A critical appraisal of study quality was undertaken for each of the included studies using the Quality Assessment Tool for Quantitative Studies from the Effective Public Health Practice Project (EPHPP) (Thomas et al., 2004). Overall study quality was assessed based on eight criteria: selection bias, study design, confounders, blinding, data collection methods, withdrawals and dropouts, intervention integrity, and analyses. Global ratings of strong, moderate, or weak were calculated following EPHPP scoring guidelines.
Given the heterogeneity of study designs related to PPPs and childhood obesity prevention and management, the effect of PPPs on diet-related obesity risk factors was evaluated on a descriptive basis, rather than quantitatively. Following data extraction and critical appraisal, data were organized according to the type of partnership and frequency counts were calculated for specific study attributes.
Results
Characteristics of studies included in the review
This review included 8 primary research studies. All studies took place in the United States and were published between 2010 and 2017. A summary of study characteristics is available in Table 1. Most studies were cohort studies (75%; n = 6), apart from one quasi-experimental study and one case study. Study participants ranged in age from approximately 5–17 years of age, with 50% of studies targeting low-income children. Three studies targeted only children with overweight or obesity.

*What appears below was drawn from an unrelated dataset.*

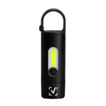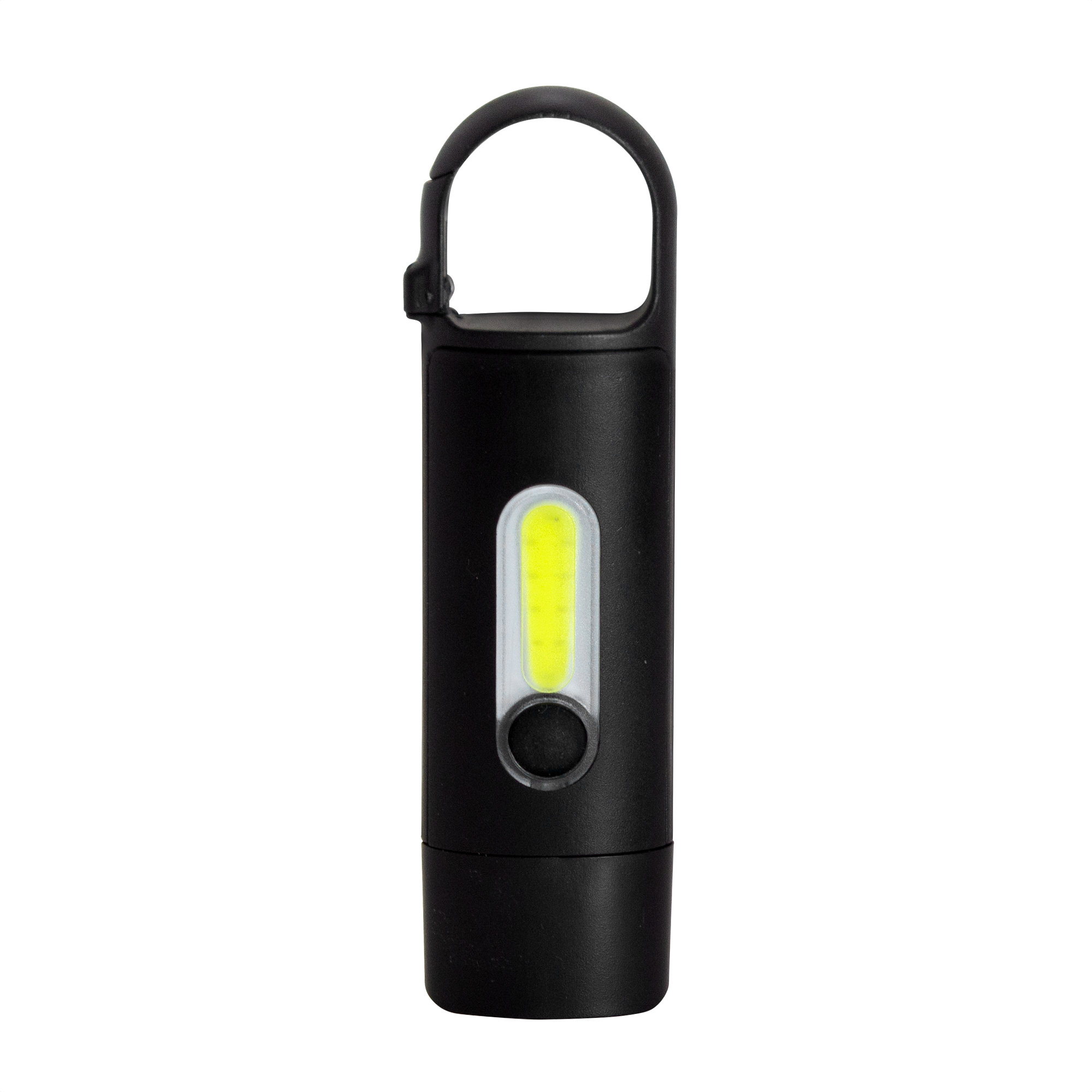 Perfecta para llevar en tu mochila.Linterna portátil recargable. Con mosquetón incorporado. Luz de emergencia y 3 intensidades de iluminación (alta, baja e intermitente). Batería recargable de 200 mAh. Puerto USB-C y cable de carga de 30 cm de largo color negro. Medidas: 11 x 3 x 1,5 cm.

Description of studies included in the review.
Critical appraisal is based on the Effective Public Health Practice Project (EPHPP) (Thomas et al., 2004).
BMI: body mass index; F&V: fruit & vegetable; SSB: sugar-sweetened beverage.
The majority of studies (62.5%; n = 5) included structured, healthy lifestyle interventions, with varying degrees of intensity and duration. The remaining interventions focused on changes to children's food environment. Schools were the most frequently cited setting for delivering interventions (37.5%; n = 3). Nearly all studies included intervention components aimed at behavior change around F&V consumption (88%; n = 7), followed by energy-dense food consumption (50%, n = 4), and SSB consumption (38%; n = 3). A critical appraisal of study quality found half of the studies were of moderate quality and half were of weak quality based on the EPHPP tool (Thomas et al., 2004).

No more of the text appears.